* WORK TO BE COMPLETED: Transcribe every entry exactly; the images stay out.

* EXCERPTED RECORDS:
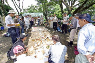 ここ数年の7月第2日曜日の開催では有効積算温度不足から夏のキノコといわれているテングタケ科やイグチ科のキノコがあまり見られなかったので、今年はここ数年の7月第2日曜日の開催では有効積算温度不足から夏のキノコといわれているテングタケ科やイグチ科のキノコがあまり見られなかったので、今年は22週間を遅らせて開催した。週間を遅らせて開催した。福島会長の挨拶の後、地元の会員から下の方がキノコが多いという発言もあり、車道を下ってから山頂を目指して登ってくるコースを取る人、山頂を中心にした公園内を周回する人など三々五々別れてキノコを採集した。私は公園内を周回したが、山頂から下りて最初に目にしたのは落枝に子実体のみならず、菌糸束がびっしり生えたシロホウライタケの仲間だった。車道がすぐ下に見えるところまで降りるとコテングタケモドキが数多く見られた。福島会長の挨拶の後、地元の会員から下の方がキノコが多いという発言もあり、車道を下ってから山頂を目指して登ってくるコースを取る人、山頂を中心にした公園内を周回する人など三々五々別れてキノコを採集した。私は公園内を周回したが、山頂から下りて最初に目にしたのは落枝に子実体のみならず、菌糸束がびっしり生えたシロホウライタケの仲間だった。車道がすぐ下に見えるところまで降りるとコテングタケモドキが数多く見られた。福島会長の挨拶の後、地元の会員から下の方がキノコが多いという発言もあり、車道を下ってから山頂を目指して登ってくるコースを取る人、山頂を中心にした公園内を周回する人など三々五々別れてキノコを採集した。私は公園内を周回したが、山頂から下りて最初に目にしたのは落枝に子実体のみならず、菌糸束がびっしり生えたシロホウライタケの仲間だった。車道がすぐ下に見えるところまで降りるとコテングタケモドキが数多く見られた。今回はタマノリイグチが採集されたのが収穫だった。鑑定は大館、西田、福島の今回はタマノリイグチが採集されたのが収穫だった。鑑定は大館、西田、福島の33人で行った。人で行った。講評では、福島からはタマノリイグチ、ルスラ・ヘテロフィラ、ニクウチワタケについて言及があった。大館からは幼菌のときのニクウチワタケの幼菌がなかなかニクウチワタケとは思い至らなかったという話があった。西田は試薬を用いた呈色反応による種の同定について話した。講評では、福島からはタマノリイグチ、ルスラ・ヘテロフィラ、ニクウチワタケについて言及があった。大館からは幼菌のときのニクウチワタケの幼菌がなかなかニクウチワタケとは思い至らなかったという話があった。西田は試薬を用いた呈色反応による種の同定について話した。**確 認 種**確 認 種**キシメジ科:**カレバキツネタケ、サマツモドキ、オリーブサカズキタケ、
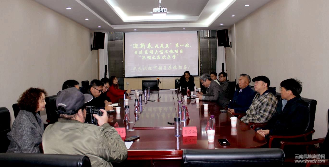 2024 年 1 月 21 日組織了首場(chǎng)“迎新春•走基層”活動(dòng)——走進(jìn)“昆明之夜歡樂(lè)季”項(xiàng)目。云南省、市相關(guān)職能部門領(lǐng)導(dǎo);昆明市新媒體協(xié)會(huì)秘書長(zhǎng)張永直;五華區(qū)政府招商顧問(wèn)、云南(昆明五華)國(guó)際人力資源服務(wù)產(chǎn)業(yè)園特別顧問(wèn)佘萬(wàn)衛(wèi);云南云上產(chǎn)業(yè)園區(qū)運(yùn)營(yíng)管理有限公司執(zhí)行董事陳紅星;云南云品企業(yè)孵化器有限公司總經(jīng)理?xiàng)钸B昆;滴灌通投資-云南財(cái)景公司合伙人楊麗華;云南省資深媒體人、攝影藝術(shù)家、云南民族旅游網(wǎng)及網(wǎng)易平臺(tái)執(zhí)行主編尹紹平;當(dāng)代文旅新媒體平臺(tái)主編雷啟玉等各界人士近 20 人參加。
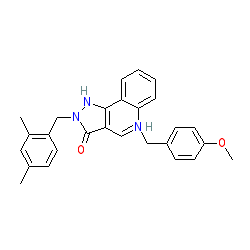 | SMILES | COc1ccc(Cn2cc3c(=O)n(Cc4ccc(C)cc4C)nc-3c3ccccc32)cc1 |
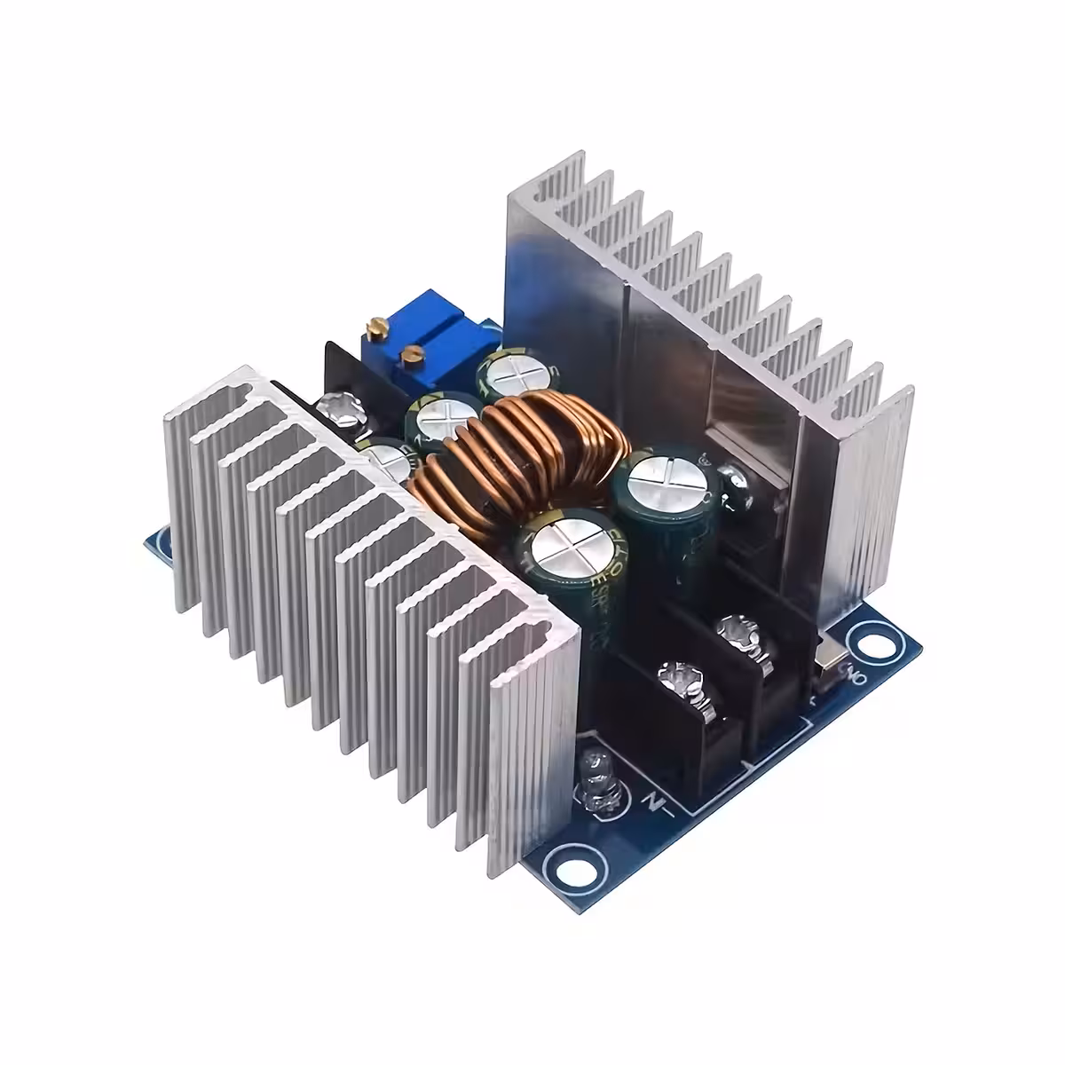Ce module step down 20A 300W (convertisseur abaisseur de tension DC-DC) est conçu pour un réglage précis et efficace de la tension et du courant entre Entrée 6–40V et Sortie 1,2–36V. Il fonctionne en mode CC/CV (Courant Constant / Tension Constante) et offre des protections essentielles pour les applications industrielles, hobby et réparation électronique. Le module intègre des MOSFET dual 75V/80A et des condensateurs low ESR pour stabilité et efficacité jusqu’à 95–96 % (ex. 24V→12V à 20A).
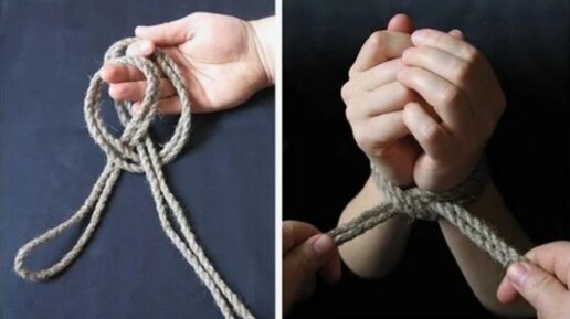 Связывание кистей рук: Формируется узел, накладывается на руки партнера и затягивается петля. Партнер не должен испытывать дискомфорт или боль, все узлы должны быть на своих местах и выглядеть по-японски красиво и эстетично...
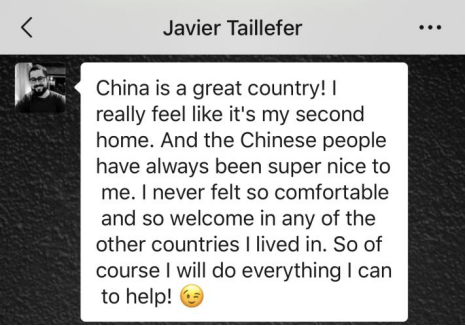 Javier只是我们众多外教的一个代表,他们身处世界十余个国家,通过邮件、微信等方式关心着仍在中国的老师和学生,积极加入到这场没有硝烟的抗“疫”战斗中,为中国抗击疫情加油鼓劲,贡献着自己的力量。相信只要我们携手共进,共度时艰,一定能打赢这场疫情防控阻击战!
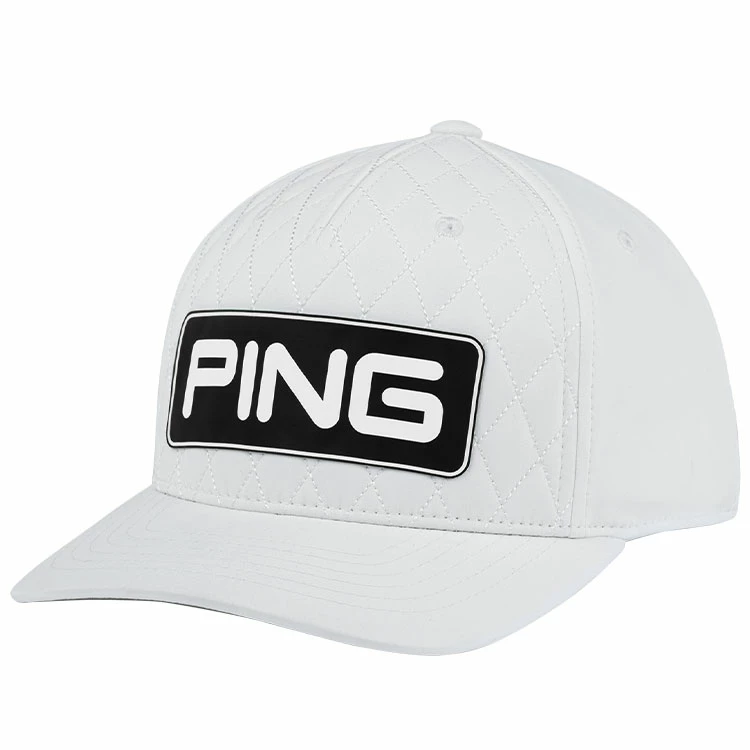 | Ping Heritage Tour Golf Cap Diamond Quilt Stitching With Adjustable Closure Pop this snapback on and people are going to notice, starting with the obvious difference – a stitched diamond quilt pattern on the crown. What they can’t see but you will appreciate is the comfort provided by Delta performance fabric that’s 87% polyester and 13% spandex ensuring durability and stretchability, with an adjustable snapback closure. – Stitched Diamond Quilt Front – Delta Performance Fabric – Adjustable Snapback Closure – One Size Fits Most – 87% Polyester, 13% Spandex |
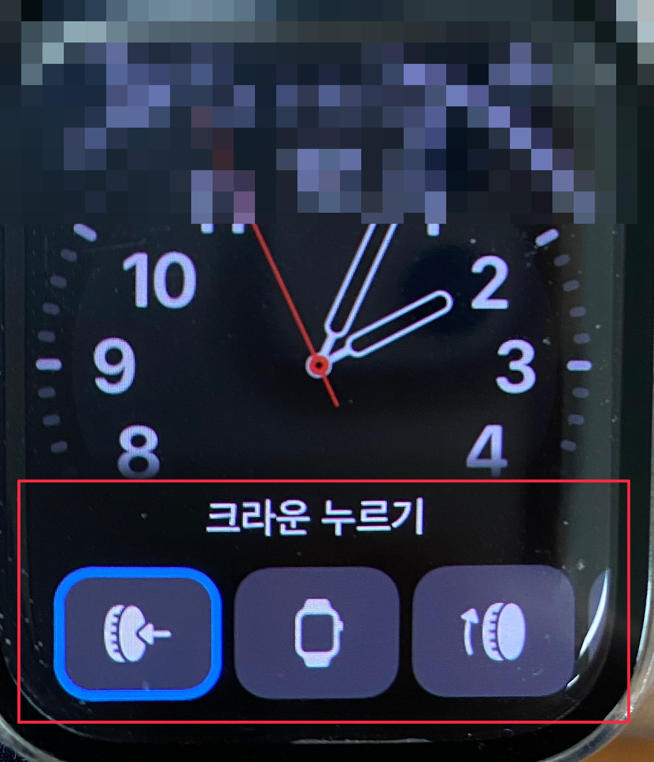 시계화면이 켜질때 화면 가장 자리 테두리 부분에 파란색(기본색상) 타원이 나타나면서 AssistTouch가 켜져있음을 알려주는데, 이 상태에서만 해당 기능을 사용할 수 있습니다.
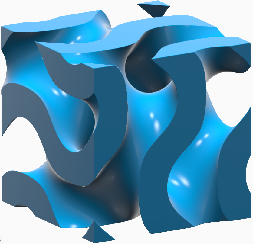 Fill a body with a surface lattice, which is a cellular structure constructed from one or sometimes two surfaces. The body can be a Parasolid, STL, PolyNURBS, or implicit geometry.
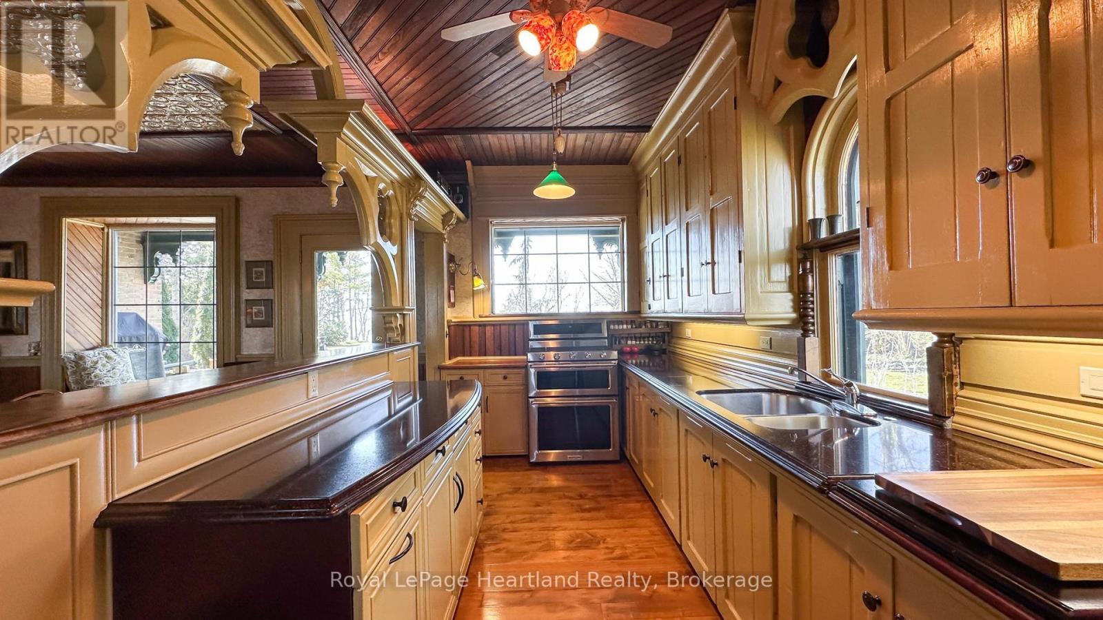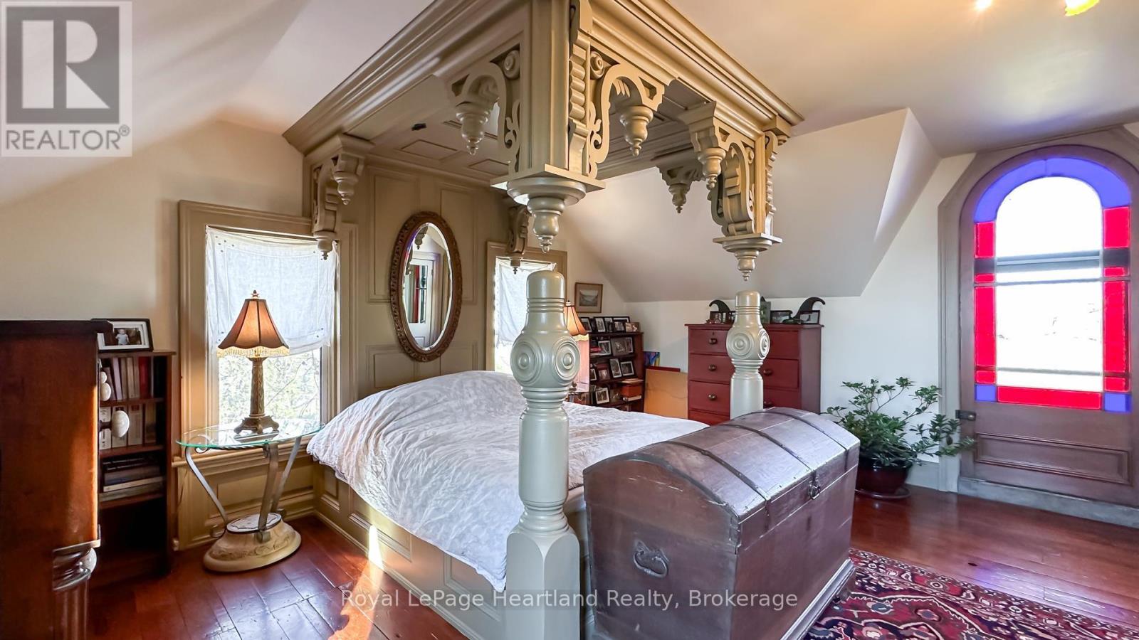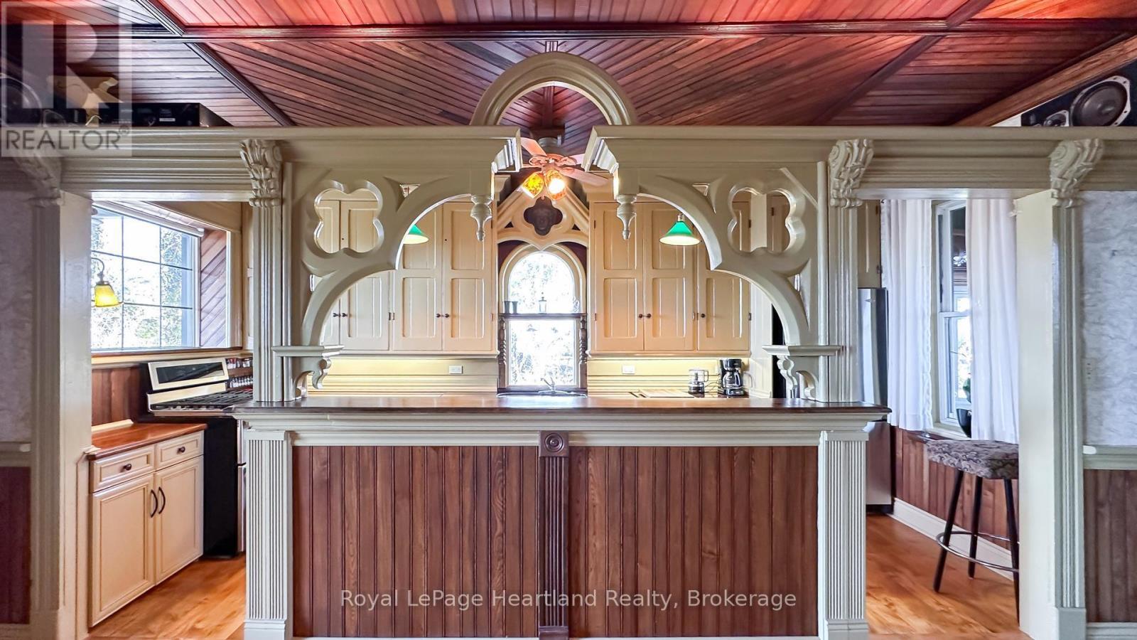 Welcome to paradise on Lake Huron! This fairytale-like property awaits its next owner and offers comfortable living in a setting unlike any other. As soon as you arrive, the inviting front porch, antique lamp post, and striking roof will capture your attention. Inside, a large eat-in kitchen is the perfect place to share family time while preparing meals and watching the lake's magical sunsets. The main floor continues to the living room and formal dining room, as well as a stained-glass reading nook. The upper level of the home features four bedrooms with built-in custom bed frames, a large four-piece bathroom with a shower and soaker tub, and laundry facilities. The primary bedroom is large and features a walk-out balcony with stunning lake views. Everywhere you turn in this home, you'll find custom craftsmanship and unique features you won't find anywhere else. The exterior boasts a large stone patio with a covered grilling area, a pond with a fountain, and mature perennial gardens. The expansive rear yard includes raised vegetable gardens, storage buildings, and a jaw-dropping accessory building that can be used for additional storage or future use as you choose. A gentle slope leads you to your own private staircase to the beachfront, where family fun and activities can continue. This is a once-in-a-lifetime opportunity to own a truly unique and original home on the beautiful coast of Lake Huron. (id:51300)

* WRITTEN RESPONSE:
 ここ数年の7月第2日曜日の開催では有効積算温度不足から夏のキノコといわれているテングタケ科やイグチ科のキノコがあまり見られなかったので、今年はここ数年の7月第2日曜日の開催では有効積算温度不足から夏のキノコといわれているテングタケ科やイグチ科のキノコがあまり見られなかったので、今年は22週間を遅らせて開催した。週間を遅らせて開催した。福島会長の挨拶の後、地元の会員から下の方がキノコが多いという発言もあり、車道を下ってから山頂を目指して登ってくるコースを取る人、山頂を中心にした公園内を周回する人など三々五々別れてキノコを採集した。私は公園内を周回したが、山頂から下りて最初に目にしたのは落枝に子実体のみならず、菌糸束がびっしり生えたシロホウライタケの仲間だった。車道がすぐ下に見えるところまで降りるとコテングタケモドキが数多く見られた。福島会長の挨拶の後、地元の会員から下の方がキノコが多いという発言もあり、車道を下ってから山頂を目指して登ってくるコースを取る人、山頂を中心にした公園内を周回する人など三々五々別れてキノコを採集した。私は公園内を周回したが、山頂から下りて最初に目にしたのは落枝に子実体のみならず、菌糸束がびっしり生えたシロホウライタケの仲間だった。車道がすぐ下に見えるところまで降りるとコテングタケモドキが数多く見られた。福島会長の挨拶の後、地元の会員から下の方がキノコが多いという発言もあり、車道を下ってから山頂を目指して登ってくるコースを取る人、山頂を中心にした公園内を周回する人など三々五々別れてキノコを採集した。私は公園内を周回したが、山頂から下りて最初に目にしたのは落枝に子実体のみならず、菌糸束がびっしり生えたシロホウライタケの仲間だった。車道がすぐ下に見えるところまで降りるとコテングタケモドキが数多く見られた。今回はタマノリイグチが採集されたのが収穫だった。鑑定は大館、西田、福島の今回はタマノリイグチが採集されたのが収穫だった。鑑定は大館、西田、福島の33人で行った。人で行った。講評では、福島からはタマノリイグチ、ルスラ・ヘテロフィラ、ニクウチワタケについて言及があった。大館からは幼菌のときのニクウチワタケの幼菌がなかなかニクウチワタケとは思い至らなかったという話があった。西田は試薬を用いた呈色反応による種の同定について話した。講評では、福島からはタマノリイグチ、ルスラ・ヘテロフィラ、ニクウチワタケについて言及があった。大館からは幼菌のときのニクウチワタケの幼菌がなかなかニクウチワタケとは思い至らなかったという話があった。西田は試薬を用いた呈色反応による種の同定について話した。**確 認 種**確 認 種**キシメジ科:**カレバキツネタケ、サマツモドキ、オリーブサカズキタケ、
 2024 年 1 月 21 日組織了首場(chǎng)“迎新春•走基層”活動(dòng)——走進(jìn)“昆明之夜歡樂(lè)季”項(xiàng)目。云南省、市相關(guān)職能部門領(lǐng)導(dǎo);昆明市新媒體協(xié)會(huì)秘書長(zhǎng)張永直;五華區(qū)政府招商顧問(wèn)、云南(昆明五華)國(guó)際人力資源服務(wù)產(chǎn)業(yè)園特別顧問(wèn)佘萬(wàn)衛(wèi);云南云上產(chǎn)業(yè)園區(qū)運(yùn)營(yíng)管理有限公司執(zhí)行董事陳紅星;云南云品企業(yè)孵化器有限公司總經(jīng)理?xiàng)钸B昆;滴灌通投資-云南財(cái)景公司合伙人楊麗華;云南省資深媒體人、攝影藝術(shù)家、云南民族旅游網(wǎng)及網(wǎng)易平臺(tái)執(zhí)行主編尹紹平;當(dāng)代文旅新媒體平臺(tái)主編雷啟玉等各界人士近 20 人參加。
 | SMILES | COc1ccc(Cn2cc3c(=O)n(Cc4ccc(C)cc4C)nc-3c3ccccc32)cc1 |
Ce module step down 20A 300W (convertisseur abaisseur de tension DC-DC) est conçu pour un réglage précis et efficace de la tension et du courant entre Entrée 6–40V et Sortie 1,2–36V. Il fonctionne en mode CC/CV (Courant Constant / Tension Constante) et offre des protections essentielles pour les applications industrielles, hobby et réparation électronique. Le module intègre des MOSFET dual 75V/80A et des condensateurs low ESR pour stabilité et efficacité jusqu’à 95–96 % (ex. 24V→12V à 20A).
 Связывание кистей рук: Формируется узел, накладывается на руки партнера и затягивается петля. Партнер не должен испытывать дискомфорт или боль, все узлы должны быть на своих местах и выглядеть по-японски красиво и эстетично...
 Javier只是我们众多外教的一个代表,他们身处世界十余个国家,通过邮件、微信等方式关心着仍在中国的老师和学生,积极加入到这场没有硝烟的抗“疫”战斗中,为中国抗击疫情加油鼓劲,贡献着自己的力量。相信只要我们携手共进,共度时艰,一定能打赢这场疫情防控阻击战!
 | Ping Heritage Tour Golf Cap Diamond Quilt Stitching With Adjustable Closure Pop this snapback on and people are going to notice, starting with the obvious difference – a stitched diamond quilt pattern on the crown. What they can’t see but you will appreciate is the comfort provided by Delta performance fabric that’s 87% polyester and 13% spandex ensuring durability and stretchability, with an adjustable snapback closure. – Stitched Diamond Quilt Front – Delta Performance Fabric – Adjustable Snapback Closure – One Size Fits Most – 87% Polyester, 13% Spandex |
 시계화면이 켜질때 화면 가장 자리 테두리 부분에 파란색(기본색상) 타원이 나타나면서 AssistTouch가 켜져있음을 알려주는데, 이 상태에서만 해당 기능을 사용할 수 있습니다.
 Fill a body with a surface lattice, which is a cellular structure constructed from one or sometimes two surfaces. The body can be a Parasolid, STL, PolyNURBS, or implicit geometry.
 Welcome to paradise on Lake Huron! This fairytale-like property awaits its next owner and offers comfortable living in a setting unlike any other. As soon as you arrive, the inviting front porch, antique lamp post, and striking roof will capture your attention. Inside, a large eat-in kitchen is the perfect place to share family time while preparing meals and watching the lake's magical sunsets. The main floor continues to the living room and formal dining room, as well as a stained-glass reading nook. The upper level of the home features four bedrooms with built-in custom bed frames, a large four-piece bathroom with a shower and soaker tub, and laundry facilities. The primary bedroom is large and features a walk-out balcony with stunning lake views. Everywhere you turn in this home, you'll find custom craftsmanship and unique features you won't find anywhere else. The exterior boasts a large stone patio with a covered grilling area, a pond with a fountain, and mature perennial gardens. The expansive rear yard includes raised vegetable gardens, storage buildings, and a jaw-dropping accessory building that can be used for additional storage or future use as you choose. A gentle slope leads you to your own private staircase to the beachfront, where family fun and activities can continue. This is a once-in-a-lifetime opportunity to own a truly unique and original home on the beautiful coast of Lake Huron. (id:51300)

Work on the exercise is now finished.